For anything to be used in the real world, in production, you're better off
taking code from somewhere else.

What alternative to use depends on the topic/algorithm in question. But NR
should just be a starting point, not what you actually use.

------
splittingTimes
I remember there was quite some critique of the algorithms used in NR and why
you should not use them [1]. Not sure if they fixed the issues in the third
edition though. Some alternatives can be found here [2].

    
    
            "It is naïve to hope that every computational problem can be solved by a
            simple procedure that can be described in a few pages of chatty prose, and
            using a page or two of Fortran or C code.
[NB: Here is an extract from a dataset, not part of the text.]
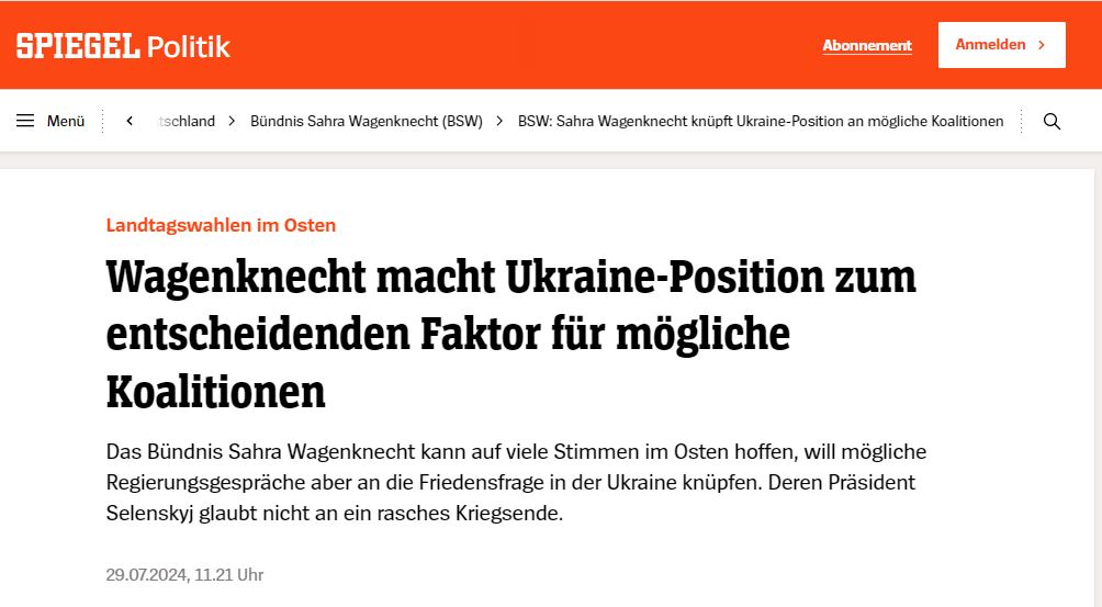 В сентябре в Саксонии, Тюрингии и Бранденбурге будут избраны новые земельные парламенты. Помимо образования и миграции, партия Вагенкнехт уделяет особое внимание проблеме мира – поэтому она очень популярна в трёх землях, где её рейтинг составляет от 15 до 20%. Партия АдГ также занимается этим вопросом. Обе партии выступают против поставок оружия на Украину и за немедленные переговоры между Украиной и Россией, поясняет издание.

Today's ambitions for
            correctness, accuracy, precision, stability, "robustness", efficiency,
            etc. demand sophisticated codes developed by experts with deep
            understanding of their disciplines. We have long ago outgrown the
            capabilities of the simplistic approaches of 30 years ago."
    
    

===

[1]
[http://www.uwyo.edu/buerkle/misc/wnotnr.html](http://www.uwyo.edu/buerkle/misc/wnotnr.html)

[2]
[https://web.archive.org/web/20021015200910/http://math.jpl.n...](https://web.archive.org/web/20021015200910/http://math.jpl.nasa.gov/nr/nr-
alt.html)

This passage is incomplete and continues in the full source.